I think, then, we ought not, in dealing with poverty, to ignore the possibility that inferiority of hereditary type may be a factor in it. If people who cannot support a family actually have children, I would wish these to have as good a chance as any; but so far as possible I would prevent such people from having children. I favor reforms aimed at reducing the infant death-rate, but think they should be accompanied by other reforms aimed at reducing the birth-rate among those who are unable to maintain the social standards.
Let me suggest an actual problem. It is well known that the birth-rate of the Negroes in the South is very high, so high that if it were not largely offset by a very high infant death-rate, the colored people would soon overwhelm the whites. Apparently, then, if social reforms were rapidly introduced lowering the death-rate of colored children to that of the whites, without other reforms tending to lower their birth-rate, this overwhelming would actually take place. I ask, then, whether, from the white standpoint at least, this one-sided reform would not be worse than none, and whether we might not make a similar mistake by pushing improvements in the care and feeding of infants without at the same time pushing eugenic measures aimed at raising the standard of heredity in the infants born.
No doubt the shifting conditions of our society may bring it to pass that large numbers are living below the social standards from reasons quite apart from natural incapacity. This is evidently the case with immigrants coming from countries of lower standards and often undergoing here exceptional economic and moral pressure. The presumption is that any social inferiority they may exhibit is due to environmental rather than hereditary causes. I suppose the fact that most social workers in America deal largely or wholly with immigrants has much to do with the prevalence among them of the view that the hereditary causes of poverty are unimportant. The greater stress put upon the latter in England may be connected with the different character of English poverty.
The social conditions best for the maintenance of the biological type are neither very harsh nor very easy. We need a real struggle to supply a test of what can make good in life, but the conditions of this struggle should ameliorate with social progress. Any test should conform to the normal conditions of the system for which the test is made; and any social struggle that is on a lower plane is not a good test.

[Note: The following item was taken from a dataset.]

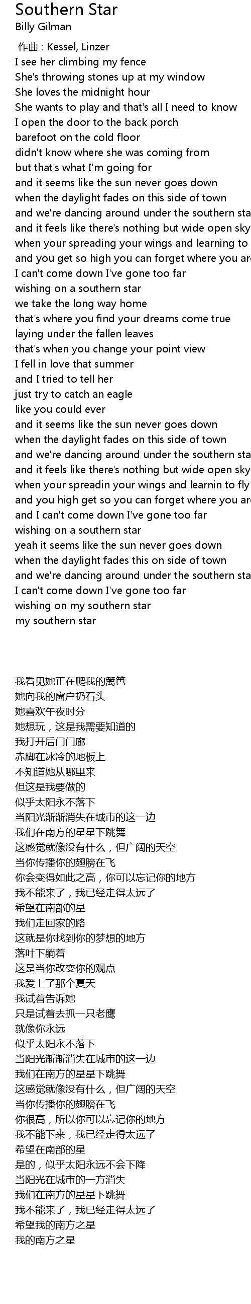 | [00:54.510] | and we' re dancing around under the southern stars |

I have heard it asserted that the best types are those that can survive under the worst conditions; but this is patently false. The test of extreme physical hardship in infancy would probably tend to eliminate the higher intellectual capacities. The best types are simply those capable of the best function, and the more nearly we can make good function on a high social level the test of survival the better.

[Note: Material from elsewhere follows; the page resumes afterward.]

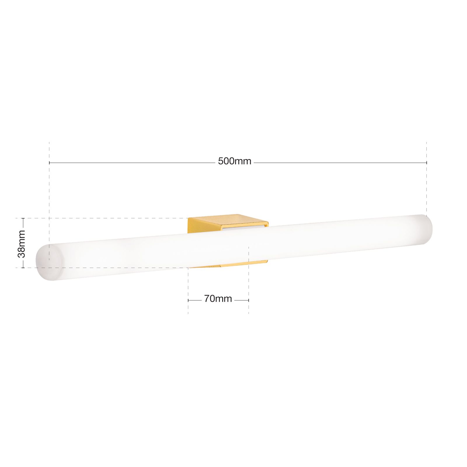 VISAGIST is an extremely modern wall light, which consists only of a rectangular base and a bulb in the form of a tube. Nothing stands in the way of mounting it above a mirror in the vestibule to get that last look before heading out of the house. The metal base has a brass finish, to which the line lamp is attached. This is equipped with a power of 8 watts and emits warm white light with its 680 lumens of luminous flux. The line lamp is included in the delivery.

Hardly anything gives rise to more confusion than discussing the “struggle for existence” without a clear understanding of the relativity of all struggle to conditions and standards. When you say, “The struggle for existence is a good thing,” the thoughtless infer that the harsher it is the better. On the other hand, when you say, “The struggle for existence (under misery conditions) is degrading,” the thoughtless of another bias conclude that it ought to be abolished and life made comfortable to all, regardless of achievement. We need a struggle, with standards to arouse exertion and to shut out incompetence; and these standards should be the highest in social requirement, and their enforcement the most humane that we are able to establish. I take it that we are trying to pass from low standards and brutal or haphazard means of enforcement to a higher condition in both respects.
We need to distinguish rather sharply between moderate hardship and a really degrading poverty, or, if you please, between poverty and misery,[[60]] between a state in which social standards can be maintained and one in which they inevitably break down. The latter means general retrogression, and is accompanied by conditions, such as ignorance, disease and vice, which are destructive of biological standards as well as social. The former permits that real but not brutal struggle for existence which is a part of the life of every people and essential as a guarantee against degeneration.
Is it not true that moderate economic hardship acts as a frontier, a fighting-line, where fundamental standards, both biological and social, are maintained, and hardy and humane types of men are developed? There are kinds and degrees of difficulty, sufficient to be exacting but not enough to be destructive, that test and sift and reinvigorate the people who pass through them.
The case of the present immigrant to America is not so different from that of the pioneer as we are apt to think. He also comes from a crowded place to a place of opportunity, and strives by a bold venture to better his condition and enlarge the boundaries of life. Some succeed and some fail; accident, we must admit, plays a great part. Many of the attendant conditions are unfair and demoralizing—as was the case with the pioneers. Nevertheless, the general outcome, even as things go now (and we may hope to make them go much better), is the fostering of vigorous types. The history of those who have been in this country for two or three generations makes this fairly evident.
We need to watch this fighting-line and take care of the wounded—see to it, that is, that those who fall into misery are given a chance to recover, if they are capable of it, and at any rate are not allowed to extend their condition to whole neighborhoods and form infectious misery environments. Unless we can abolish the struggle altogether, which seems neither possible nor desirable, I do not see how we can expect to avoid sporadic misery as a by-product of it; but what we can do is so to standardize the conditions of the struggle and the care of those who fail as to prevent the growth of a self-perpetuating misery class.